Alternatively, you have people who believe that the Supreme Court has ruled that presidents ought to be permitted criminality or that efforts to regulate pollution or worker safety or whatnot must be eliminated unless they are approved by right-wing judges. Some people think that we're in the process of banning abortion or electing a proud rapist who wants to put millions of people in camps. And hey, guess what, those people are also right.
We're going to continue to see tolerance of violence across the political spectrum. Our friend Natilo has always understood this, and wimps like me are coming around to accept the obvious. I won't be rioting or shooting anybody -- I have too much of a stake in civil order -- but I won't be surprised by anything.
4, 6: My loathing of X is mostly a result of poor curation on my part. But Facebook is just lovely for me because I limit my feed to people I like. It's the only social medium that has improved my life.
My Facebook feed is full of people I went to high school with and cousins from rural areas. I hid everyone who said anything bad about Clinton in 2016, but the ads I get are still awful. I assume that's because of where I live.

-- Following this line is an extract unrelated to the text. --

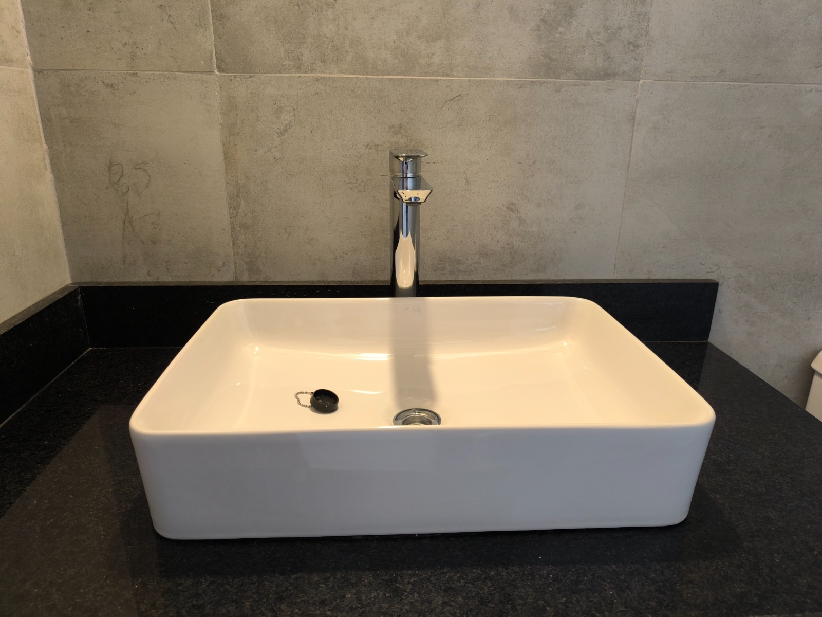 * Granito Negro Brasil en mesadas de baños

Facebook is harmless but dull for me, but I think that's because I am as deep in the Pauline Kael bubble as anyone could possibly be. People I actually know are all reasonable, my various cousins are all either reasonable or at least don't talk politics, my neighborhood groups are upper Manhattan so while they get a little strange sometimes they're never MAGA at, and all the high school fellow alumni I reconnected with a few years back are just as lefty as I am.

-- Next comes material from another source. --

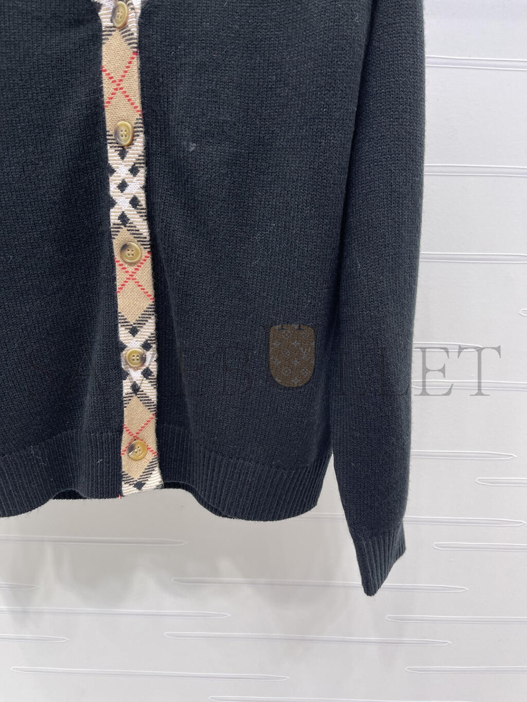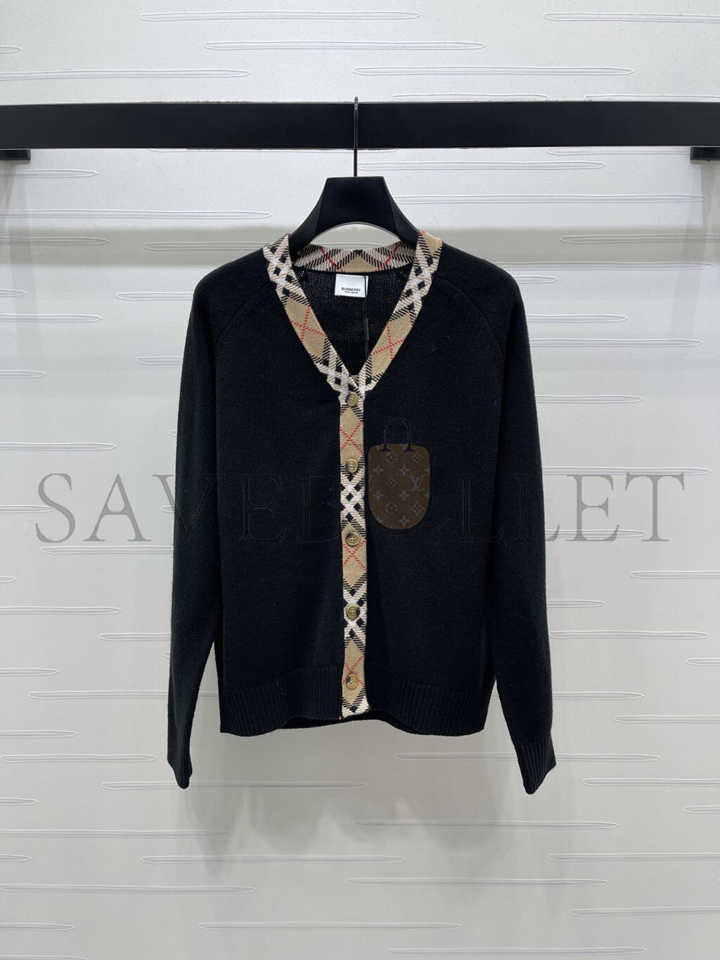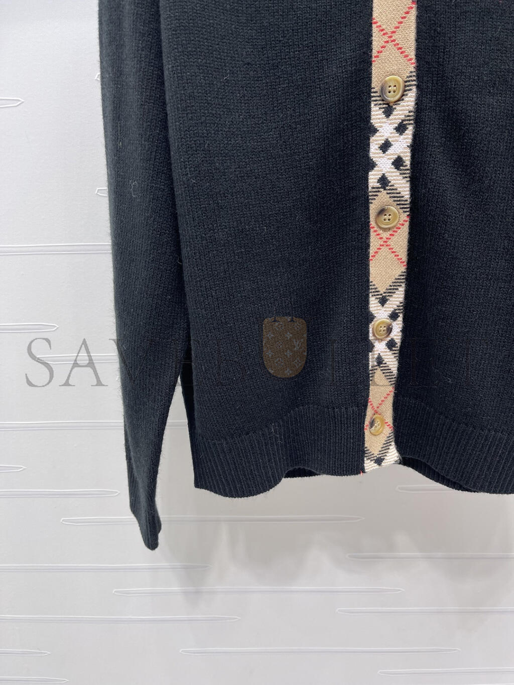BURBERRY CHECKERED TRIM WOOL CARDIGAN

I think the Biden frame on my profile picture has resulted in people hiding me. Which is just one of many things I'm grateful to Biden for.
I am thinking of getting a carry permit. And also of carrying a small .38 when I go hiking.

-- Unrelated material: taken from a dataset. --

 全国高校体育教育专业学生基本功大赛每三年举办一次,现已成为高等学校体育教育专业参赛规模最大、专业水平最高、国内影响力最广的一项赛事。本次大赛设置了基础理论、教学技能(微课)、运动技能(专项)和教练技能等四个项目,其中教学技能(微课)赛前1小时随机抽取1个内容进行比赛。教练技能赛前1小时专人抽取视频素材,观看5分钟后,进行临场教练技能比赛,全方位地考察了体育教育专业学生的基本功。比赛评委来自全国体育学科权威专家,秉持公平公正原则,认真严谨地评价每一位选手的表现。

I'm mostly only on FB as my local news marxist alter ego, which means that feed is dominated by locals who are very liberal but not necessarily very clear thinkers. Lots of inoffensive pablum. But people ask my opinion, which I love.
16: I won't keep a round in the chamber by the hammer.
At the least, being indifferent to news of an attempted assassination shows me how detached I am from the candidates. (I mean, I would have loved if he'd been seriously injured.) Part of that is my intense frustration with the gerontocracy. Since they won't leave any other way, I'm cheering for their deaths.
Presumably if Trump had been killed in Butler, there would have been a retaliation shooting. I have no idea where, but I'm guessing the odds of it happening near me would have been nonzero. I still think the shooter's parents would be smart to move and change their name.
Does anyone really believe that violence is never the answer? Like, never ever? I think violence is rarely the answer, but it certainly is the answer in some cases, and I suspect that almost everyone, even the nicest of liberals, agrees with me.
My tolerance for the give peace a chance/violence is never the answer/kindness is everything of nice liberals (and I in part consider myself a nice liberal) has grown thin. How anyone can still be thinking that in 2024 baffles me, even though I recognize it as mostly a protective crouch. I too wish we lived in that world, but we don't, and demanding kindness is genuinely harmful at this point in time, when what we need is meanness.
Does anyone really believe that violence is never the answer? Like, never ever? I think violence is rarely the answer, but it certainly is the answer in some cases, and I suspect that almost everyone, even the nicest of liberals, agrees with me.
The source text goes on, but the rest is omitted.